A recipe for a sweet and savory seaweed paste that's perfect for repurposing stale nori. This recipe is incredibly easy to make and delivers an authentic flavor that will have you reaching for more rice. Guaranteed to be a rice thief!
Ingredients
Main Ingredients (2 servings)
- Roasted Nori (Full Sheet) 2 sheets
Seasonings
- [A] Cooking Sake (Rice Wine) 3 tbsp
- [A] Soy Sauce 1 tbsp
- [A] Mirin (Sweet Rice Wine) 1 tbsp
- [A] Sugar 1 tsp
- Water a little
Steps
- In a pot, tear Roasted Nori (full sheet) 2 sheets into small pieces. Key Tip: Tearing the nori into small pieces helps the seasonings to absorb better.
- Add Cooking Sake (Rice Wine) 3 tbsp, Soy Sauce 1 tbsp, Mirin (Sweet Rice Wine) 1 tbsp, Sugar 1 tsp, and a little water to the pot with the torn nori.

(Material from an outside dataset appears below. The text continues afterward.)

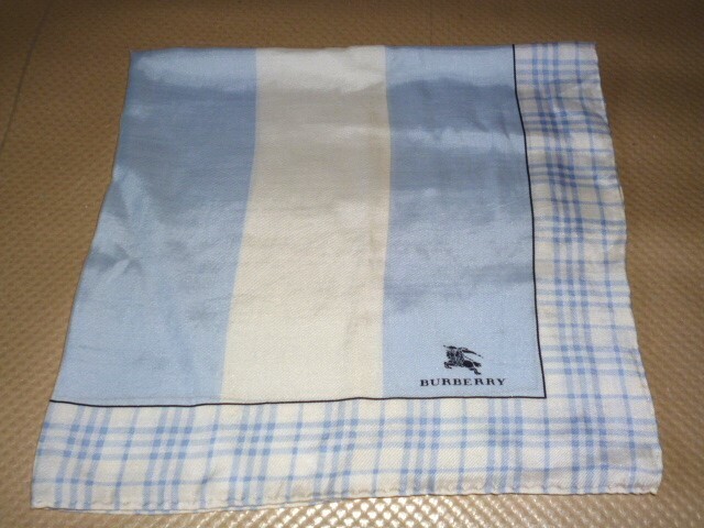 バーバリー BURBERRY ブルー ホワイト ホースマーク 大判ハンカチ 57.5cm×56.5cm 未使用 絹糸を使用 收藏
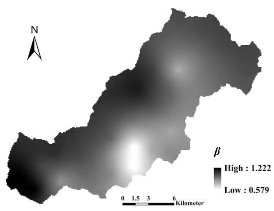 Spatial distribution of terrain impact factor β.

- Mix the seasonings and nori thoroughly to ensure everything is well combined.
- Once the seasonings have been absorbed, let it sit for about 10 minutes.
- Place the pot over low heat and cook, stirring, to evaporate the moisture. Key Tip: Slow cooking is the secret to deliciousness.
- When the moisture has reduced, stir by scraping the bottom of the pot. Key Tip: This will make the nori easier to break down and create a cohesive texture.
- When almost all the moisture has evaporated, turn off the heat and transfer to a serving dish.
- For an extra kick, try serving with Shichimi Togarashi (Japanese seven-spice blend) or wasabi.